Chick-Fil-A Peach, Atlanta: The funniest part of this is that both teams beat Florida State. And they went a combined 9-7 in their conferences. Heehee!

(Finally! New Year's Day!)

Outback, Tampa, Fla.: Both were overrated. Both got smacked late in the season. And odds on a solicitation arrest remain 6:5.

SBC Cotton, Dallas: Conference runner-up versus...division 3rd place? What the hell? And the saddest part is the conference runner-up is going to lose this game.

Toyota Gator, Jacksonville, Fla.: Two favourites to make it to Miami end up here, a couple of hundred miles short. West Virginia has the edge because, as they like to put it, they can burn shit down. And they beat fellow arsonists and rioters Maryland, whereas crapademic Fla State couldn't.

Capital One, Orlando: You can't spell Citrus without...LSU? Iowa? What? I guess that was behind the change: the SEC was tired of sending Tennessee to this, so they farmed them out to the Peach Bowl and Cotton Bowl instead.

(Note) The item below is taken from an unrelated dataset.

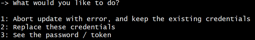 2번을 선택하면 기존의 credentials가 삭제되고 새로운 토큰을 입력하라고 나오는데 그곳에 새로 발급받은 토큰을 입력하면 된다.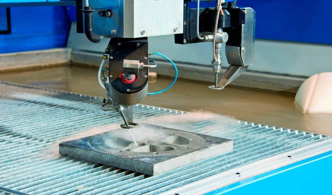 Гидроабразивная резка актуальна для любого материала. Данный метод подразумевает под собой резку путем применения смеси (вода + песок) под высоким давлением.

Next year, you can't spell Citrus without USC (you heard it here first).

Rose, Presented by Citi, Pasadena, Cal.: So much for tradition. Since the Pac 10's not involved, who's the host? What a crock. Michigan shows the world that the BCS crapped on Cal.

Tostitos Fiesta, Tempe, Ariz.: Is anyone else laughing at the fact that the coaches on the sidelines of this game won't be next year? I almost feel sorry for Pitt. But then I realised that I hate Pitt. Not like I did when Tech was in the Big East. But I still hate them.

Nokia Sugar, New Orleans: 28-10. I believe.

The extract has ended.